Wednesday, March 7, 2012

Wednesday's Words for March 7, 2012

I used to watch a lot of news programs. In years passed, I never missed Peter Jennings, after which I would flip my dial over to catch the BBC World Report, and then the CBC Evening News. Every night my beloved would watch Chris Matthews, followed by Keith Olbermann, and I’d be right there with him. We’d watch some Fox News programs, as well, because we like to hear both sides of an issue. We’d also catch a couple of really good debate shows on PBS on the weekend. Sunday was Tim Russert, and then George Stephanopoulos, and whoever CNN had on, too.

Then, for reasons I don’t entirely understand—not long after the 2008 American Presidential election, in fact—I lost my news habit.

Well, I’ve picked it up a little bit in the last month but I’m beginning to believe I was better off without it. I’m all for being well informed.
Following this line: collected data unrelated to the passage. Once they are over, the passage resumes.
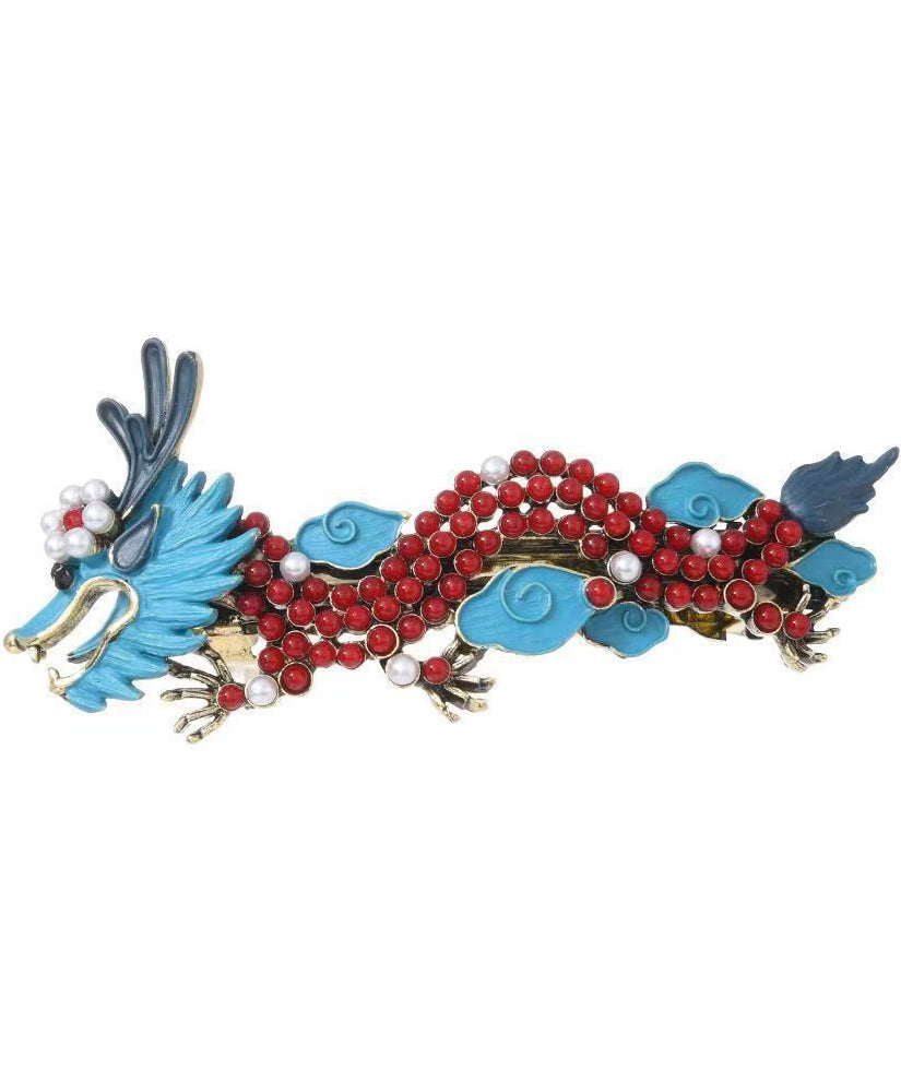 Vintage Colorblock Alloy Cloisonne Pearl Chinese Loong Hairpin
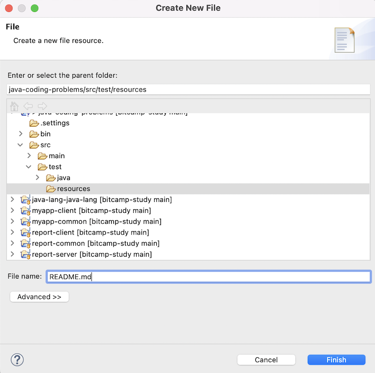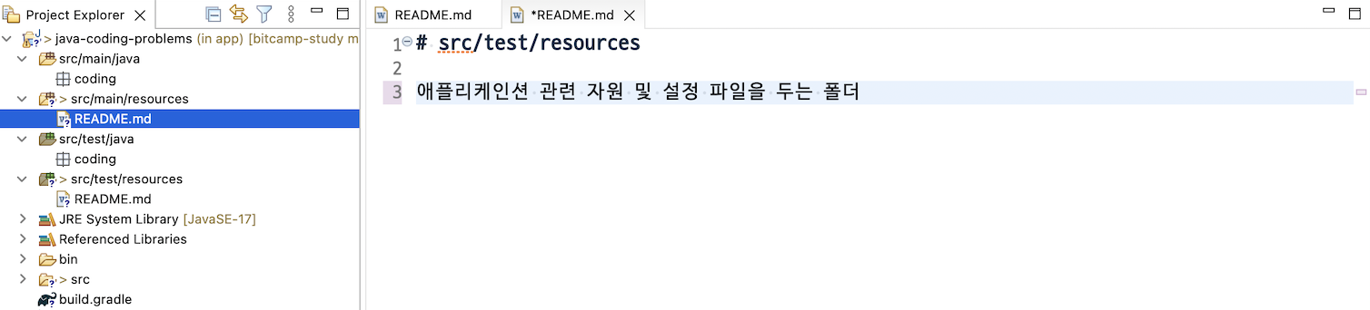 ㄴ src/test/resources 경로에 README.md 라는 새로운 파일 생성
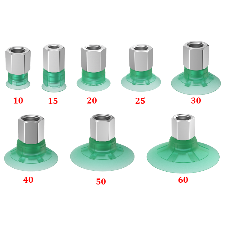 सपाट संरचना वाला सपाट सक्शन कप, सपाट या थोड़ी वक्रित सतह वाले कार्यपृष्ठों को अवशोषित करने में उत्कृष्ट प्रदर्शन करता है। इसके डिज़ाइन न केवल उत्कृष्ट स्थिरता प्रदान करता है, बल्कि कांच, धातु की चादरों और गत्ते जैसी सामग्री के वैक्यूम हैंडलिंग में व्यापक रूप से लागू होता है, और विशेष रूप से भारी धातु की वस्तुओं को कुशलतापूर्वक पकड़ने में सक्षम है।

Since I spend a great deal of my day in front of my keyboard, and I do tend to drift onto the Internet several times a day any way, I am generally aware of what’s going on in the wider world around me.

It’s essential to know if there is about to be a coffee shortage, for example, so I can run out and stock up on it.

However, I’ve discovered that tuning in too closely to the news, current affairs, and political consciousness is not good for my blood pressure.

Will someone please tell me how it is that public figures can get away with wholesale lying?

There is one fact with regard to the latest brouhaha that a participant in that firestorm of words got horribly wrong and no one—no one at all—said anything about the wrong fact.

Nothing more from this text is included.